Crisanta Maloloy-on died, so the Cadastral court issued a decision directing the
issuance of a decree of title in the name of her 8 children, namely: Juan, Celedonio,
Emiliano, Francisco, Simeon, Bernabe, Roberta and Fausta, all surnamed Aying.
However, the certificate was lost during the war.
All the heirs of the Aying siblings executed an Extra-Judicial Partition of Real
Estate with Deed of Absolute Sale conveying the lot in issue to the Aznar Brothers
Realty Company. The deed was registered with the ROD of Lapu-Lapu City on March
6, 1994 under Act. No. 3344 (the law governing registration of unregistered land,
and since then, the realty company religiously paid the real property taxes on the
property.
Later, Aznar Brothers Realty Company filed a Petition for Reconstitution of
the Original Title since the original title of the lot was lost during the war.
This was granted by the court and the ROD of Lapu-Lapu was directed to issue a
reconstituted title in the name of the Aying Siblings. Thus, OCT No. RO-2856 was
issued.
The Aznar Brothers Realty Company then sent out notices, to vacate the lot, to
the persons occupying the property, reasoning that they were the rightful owner.
The occupants refused to vacate, hence an ejectment case was filed against them
before the MTC. The MTC ordered the occupants to vacate.
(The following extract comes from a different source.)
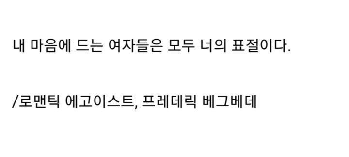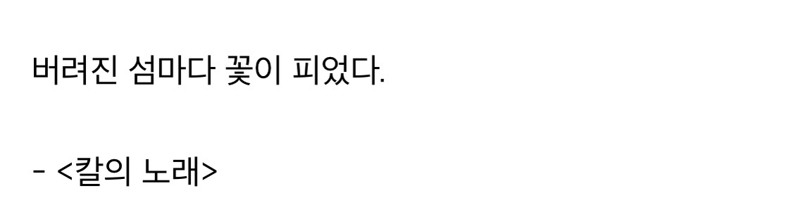 [스크랩] [흥미돋]내 기억에서 영원히 잊혀지지 않을 문장이 있다면? 작성자밤양굉|작성시간24.04.12|조회수1,866 목록 댓글 40 글자크기 작게가 글자크기 크게가 출처 : 여성시대 개빡센하루ㅅ1작여시들 마음속에 가장 오래 남을 문장은 뭐야?시도 좋고, 인용구도 좋고, 대사도 좋고, 짧은 글귀도 좋아마음을 울리게 했던 문장이 있으면 소개해줘! 다음검색 스크랩 원문 : *여성시대* 차분한 20대들의 알흠다운 공간 현재 게시글 추가 기능 열기 북마크 공유하기 신고 센터로 신고 댓글 댓글 40 댓글쓰기 답글쓰기 댓글 리스트 작성자윤7ㅖ샹 | 작성시간 24.04.12 사랑해 처음부터 그랬고 앞으로도 그래 작성자내도도독도 | 작성시간 24.04.12 일부러 몇 발자국 물러나 내가 없이 혼자 걷는 널 바라본다 작성자골라주라주 | 작성시간 24.04.12 이 또한 지나가리라 작성자가오쟈바 | 작성시간 24.04.13 나는 나를 용서해 작성자지독한홍설 | 작성시간 24.04.13 비 쏟아지는 막사였다. 댓글 전체보기

Eventually, this case
reached the Supreme Court and a decision was rendered in favor of the realty
company declaring them as the rightful possessor of the land.
Meanwhile, persons claiming to be the descendants of the eight Aying siblings,
numbering around 220 persons submitted an amended complaint before the RTC
and alleged that they are co-owners of the land being the descendants of the
registered owners under OCT No. RO-2856; that they had been in actual, peaceful,
physical, open, adverse, continuous and uninterrupted possession in concept of
owner of subject parcel of land since time immemorial; and that the deed of
absolute sale executed in favor of the realty company by the alleged heirs
of Crisanta Maloloy-on is a fraud and is null and void ab initio because not
all the co-owners of subject property affixed their signature on said
document and some of the co-owners who supposedly signed said
document had been dead at the time of the execution thereof; that Aznar
Brothers Realty Company held the land in bad faith, knowing fully well that it did not
have any right to the land and used force, threat and intimidation against them thus
suffering moral damages.
Aznar Brothers Realty Company denied that the Ayings are the lawful owners of
the land and alleged it had been in actual possession of subject land as owner
thereof by virtue of the extra-judicial partition of real property and deed of absolute
sale executed in its favor; that in fact, it had been paying taxes thereon religiously.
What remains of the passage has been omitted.